Record set:
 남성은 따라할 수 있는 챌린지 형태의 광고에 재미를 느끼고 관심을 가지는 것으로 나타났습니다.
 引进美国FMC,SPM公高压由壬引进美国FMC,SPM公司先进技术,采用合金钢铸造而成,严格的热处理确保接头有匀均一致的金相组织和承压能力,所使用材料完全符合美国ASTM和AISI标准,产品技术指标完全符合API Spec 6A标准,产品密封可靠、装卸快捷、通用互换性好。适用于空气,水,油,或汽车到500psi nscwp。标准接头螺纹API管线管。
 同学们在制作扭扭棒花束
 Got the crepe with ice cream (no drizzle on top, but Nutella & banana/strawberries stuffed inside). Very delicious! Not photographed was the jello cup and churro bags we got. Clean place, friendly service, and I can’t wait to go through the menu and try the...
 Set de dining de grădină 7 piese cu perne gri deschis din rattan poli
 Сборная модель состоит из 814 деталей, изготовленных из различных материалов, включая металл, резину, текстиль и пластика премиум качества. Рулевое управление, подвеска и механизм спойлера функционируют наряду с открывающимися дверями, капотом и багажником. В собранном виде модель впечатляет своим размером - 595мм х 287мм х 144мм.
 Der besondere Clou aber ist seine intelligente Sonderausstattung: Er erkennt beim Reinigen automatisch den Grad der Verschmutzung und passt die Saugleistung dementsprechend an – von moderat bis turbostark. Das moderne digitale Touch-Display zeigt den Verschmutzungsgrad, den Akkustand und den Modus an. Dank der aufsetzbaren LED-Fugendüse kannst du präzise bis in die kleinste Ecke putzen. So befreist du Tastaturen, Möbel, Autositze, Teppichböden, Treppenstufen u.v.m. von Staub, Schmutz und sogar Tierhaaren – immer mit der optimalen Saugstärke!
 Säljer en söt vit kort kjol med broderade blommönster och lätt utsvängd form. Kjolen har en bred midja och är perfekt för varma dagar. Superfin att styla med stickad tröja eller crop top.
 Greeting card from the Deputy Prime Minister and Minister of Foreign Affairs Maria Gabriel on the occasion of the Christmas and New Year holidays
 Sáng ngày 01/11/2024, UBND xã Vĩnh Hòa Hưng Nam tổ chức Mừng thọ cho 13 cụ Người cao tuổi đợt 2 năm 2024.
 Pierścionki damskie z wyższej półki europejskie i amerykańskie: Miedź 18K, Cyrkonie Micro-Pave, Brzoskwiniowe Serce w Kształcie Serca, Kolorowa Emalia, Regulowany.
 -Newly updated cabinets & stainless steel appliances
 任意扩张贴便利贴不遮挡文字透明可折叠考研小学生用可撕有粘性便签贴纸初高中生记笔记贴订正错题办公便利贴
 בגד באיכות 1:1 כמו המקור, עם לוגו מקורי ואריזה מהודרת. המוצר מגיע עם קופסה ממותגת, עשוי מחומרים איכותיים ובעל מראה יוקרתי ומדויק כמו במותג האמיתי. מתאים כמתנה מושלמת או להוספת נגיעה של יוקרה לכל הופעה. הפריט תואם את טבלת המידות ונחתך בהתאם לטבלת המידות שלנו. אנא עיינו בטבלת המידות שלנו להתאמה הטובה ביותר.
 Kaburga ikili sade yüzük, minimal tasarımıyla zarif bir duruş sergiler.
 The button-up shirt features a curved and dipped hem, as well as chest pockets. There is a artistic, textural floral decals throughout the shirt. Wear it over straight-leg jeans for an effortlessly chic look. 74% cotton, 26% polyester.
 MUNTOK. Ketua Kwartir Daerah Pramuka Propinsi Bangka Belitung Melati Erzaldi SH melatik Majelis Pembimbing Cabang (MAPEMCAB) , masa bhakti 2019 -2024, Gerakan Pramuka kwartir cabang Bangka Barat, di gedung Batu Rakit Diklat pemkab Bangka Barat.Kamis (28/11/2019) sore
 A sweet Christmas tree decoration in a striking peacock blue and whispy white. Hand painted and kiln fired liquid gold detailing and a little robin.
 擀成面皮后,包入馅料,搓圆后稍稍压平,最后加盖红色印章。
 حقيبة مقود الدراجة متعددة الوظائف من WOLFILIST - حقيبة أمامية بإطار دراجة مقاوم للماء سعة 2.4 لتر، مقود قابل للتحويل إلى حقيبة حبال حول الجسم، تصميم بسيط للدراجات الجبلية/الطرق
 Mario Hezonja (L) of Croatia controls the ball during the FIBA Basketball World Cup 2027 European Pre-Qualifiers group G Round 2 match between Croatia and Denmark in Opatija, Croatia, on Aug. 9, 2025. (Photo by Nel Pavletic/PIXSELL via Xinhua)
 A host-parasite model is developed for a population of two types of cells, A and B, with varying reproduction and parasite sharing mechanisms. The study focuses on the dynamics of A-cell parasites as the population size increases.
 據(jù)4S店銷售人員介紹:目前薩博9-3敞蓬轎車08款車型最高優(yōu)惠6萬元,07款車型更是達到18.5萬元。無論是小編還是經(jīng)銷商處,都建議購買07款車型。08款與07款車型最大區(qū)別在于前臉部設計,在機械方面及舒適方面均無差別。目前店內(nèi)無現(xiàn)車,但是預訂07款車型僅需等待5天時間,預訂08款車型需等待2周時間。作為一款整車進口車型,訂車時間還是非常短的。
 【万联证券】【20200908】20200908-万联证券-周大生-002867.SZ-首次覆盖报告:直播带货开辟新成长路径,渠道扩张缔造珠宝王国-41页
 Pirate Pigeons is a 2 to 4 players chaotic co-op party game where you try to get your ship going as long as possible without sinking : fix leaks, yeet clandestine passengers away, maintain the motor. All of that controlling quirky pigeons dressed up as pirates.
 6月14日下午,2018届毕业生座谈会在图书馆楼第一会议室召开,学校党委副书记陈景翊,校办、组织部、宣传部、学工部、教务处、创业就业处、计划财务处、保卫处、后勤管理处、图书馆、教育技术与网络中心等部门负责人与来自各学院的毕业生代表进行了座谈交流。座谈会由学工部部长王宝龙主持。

Task instructions: Begin at the line that has "Der besondere Clou" in the entries above; stop after the line that has "Pierścionki damskie z". Transcribe exactly those lines and no others.

Response to this task:
 Der besondere Clou aber ist seine intelligente Sonderausstattung: Er erkennt beim Reinigen automatisch den Grad der Verschmutzung und passt die Saugleistung dementsprechend an – von moderat bis turbostark. Das moderne digitale Touch-Display zeigt den Verschmutzungsgrad, den Akkustand und den Modus an. Dank der aufsetzbaren LED-Fugendüse kannst du präzise bis in die kleinste Ecke putzen. So befreist du Tastaturen, Möbel, Autositze, Teppichböden, Treppenstufen u.v.m. von Staub, Schmutz und sogar Tierhaaren – immer mit der optimalen Saugstärke!
 Säljer en söt vit kort kjol med broderade blommönster och lätt utsvängd form. Kjolen har en bred midja och är perfekt för varma dagar. Superfin att styla med stickad tröja eller crop top.
 Greeting card from the Deputy Prime Minister and Minister of Foreign Affairs Maria Gabriel on the occasion of the Christmas and New Year holidays
 Sáng ngày 01/11/2024, UBND xã Vĩnh Hòa Hưng Nam tổ chức Mừng thọ cho 13 cụ Người cao tuổi đợt 2 năm 2024.
 Pierścionki damskie z wyższej półki europejskie i amerykańskie: Miedź 18K, Cyrkonie Micro-Pave, Brzoskwiniowe Serce w Kształcie Serca, Kolorowa Emalia, Regulowany.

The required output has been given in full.